In Goedel, Escher, Bach (GEB) Hofstadter asks the question: what happens when 'things' start referencing themselves? ( Like people do who are in essence not more than a set of linked molecules. )
At last I took the time to watch video 1 of the GEB series.
The teacher is Justin Curry. He started by telling that most undergraduates don't get through GEB in less than 13 weeks and that it took him seven years to get through the book. I am not sure but I think my first attempt in reading GEB was in 2007 or 2008. It took me almost six months to get through it. Which I thought was really bad. When I finished the book and still didn't understand what he was talking about I started to seriously doubt my learning abilities. I have to admit that I still don't get it but I made progress. And I am getting closer, thanks to M381 Mathematical Logic ( read: Nigel Cutland ).

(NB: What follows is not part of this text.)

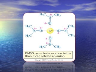 The document discusses the crucial role of solvents in chemical reactions, emphasizing their ability to influence reaction rates and solubility. It details the differences between protic and aprotic solvents, their interactions with solute molecules, and the importance of solvent polarity in SN1 and SN2 reactions. Additionally, it introduces the concept of phase transfer catalysis, showcasing the mechanism by which immiscible reagents can react efficiently through the use of a catalyst.

Anyway, to the point: the lecture.
He starts with the concept of isomorphism. In GEB, Hofstadter explains isomorphism as a map between structures that maps parts with similar purpose to similar purpose ( my words ). This is different than the mathematical definition which states that an isomorphic map is both surjective and injective. Hofstadters definition can be understood immediately, whereas the mathematical definition needs understanding of layer upon layer upon layer. Since what is a map in mathematical sense? What does surjective mean? What does injective mean? Analyzing a mathematical sentence always creates a ( large ) tree structure.
Recursion. The concept of recursive definition. A fascinating concept which I use a lot, since I am a programmer by profession. Curry uses the example of the Fibonacci sequence 1,1,2,3,5,8,13,... and translates it to f(n) = f(n-1) + f(n-2) and the Sierpinski triangle ( fractal ).

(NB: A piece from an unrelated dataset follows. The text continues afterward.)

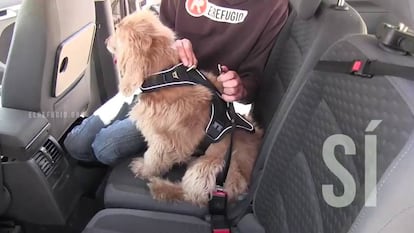¿Y en los asientos delanteros? No, siempre en los traseros y, atención, sujeto con un arnés distinto del que tú crees. “Si el arnés es de un solo enganche, en caso de colisión la anilla podría romperse. Lo óptimo es utilizar uno de doble enganche, y fijarlo a los anclajes de dos cinturones de seguridad”, precisa Paunero. De esta manera, el perro no se desplazaría en caso de choque y no se golpearía con los asientos delanteros.

|Drawing the Sierpinski triangle|
( To be continued in the next post. ) Edit: Nope. I'll make a last note about lecture 1 here and continue with lecture 2 next time.

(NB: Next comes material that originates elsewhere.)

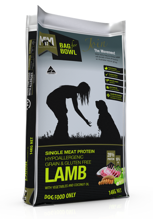 Meals For Mutts Single Protein Grain Free Lamb 14Kg. Single Meat Proteins Are Gaining More And More In Popularity Because They Provide A Healthy Alternative To Mixed Protein Meals. It Contains Less Calories, Less Fat And Less Cholesterol. Lamb Meat Meets The Gold Standard In Holistic Pet Care. No Artificial Preservatives Or Colours And It'S Made With All Natural Ingredients. It Contains 28% Protein And Only 16% Fat. Ideal For Dogs With Sensitivities And Allergies, It'S Suitable For All Breeds And All Lifestages. Features:, Anti-Inflammatory,Supports Heart Health,Highly Digestible, Results In Firmer Stools,Natural Antidepressant, Containing Vitamin B12 Which Can Treat Stress,Encourages A Healthy Skin And Coat;All Meals For Mutts Single Protein Food Contains The Following Benefits:, Rich In Nutrition,Hypoallergenic,Gluten Free,Grain Free,Packed With Omega 3, 6 And 9,Gmo Free,High In Protein,No Preservatives,Ingredients*:Lamb Meat, Sweet Potato, Seasonal Vegetables, Alfalfa, Natural Fats And Oils, Omega 3, 6 & 9, Coconut Oil, Turmeric, Parsley, Probiotic, Kelp, Vitamins A, C, D3, E, K, B1, B2, B6, B12, Niacin, Pantothenic Acid, Folacin, Biotin And Natural Organic Acids, Plus Minerals, Calcium, Phosphorus, Sodium, Copper, Zinc, Iron, Manganese And Iodine. Preserved Using Vitamin E And Rosemary Extract. Feeding Guide:,Check The Manufacturer'S Feeding Guide On The Bag To Ensure You'Re Feeding The Right Amount. Daily Portion Sizes Will Depend On Your Dog'S Weight And Vary From 90G To 350G Daily.

Some remarks, tips for if you want to give it a try ( like myself ). I was not in continuous awe while watching this lecture. You know when like you are watching the latest BBC Horizon or similar. It's not like that. I don't have the feeling as if I have wasted my time, not at all. I am going to watch lecture 2 soon.
- You definitely need the 720+ pages ( 20 chapters ) book. ( Details on the course site. )
- You need to be ( somewhat ) familiar with Bach's music, or at least -know- someone who is. ( What are forums for anyway? ) To fully grasp the genius of Hofstadter's work.
- If you are a religuous person than GEB might not be for you.
There is an audio set in the lecture room. Near the end of the lecture a piece of Bach is played. Students familiar with that music could elaborate on it. Since I am ignorant to most classical music I must have missed a lot of what Hofstadter said. It might be an opportunity to start listening to some Bach, who knows what happens.,
So far for lecture 1,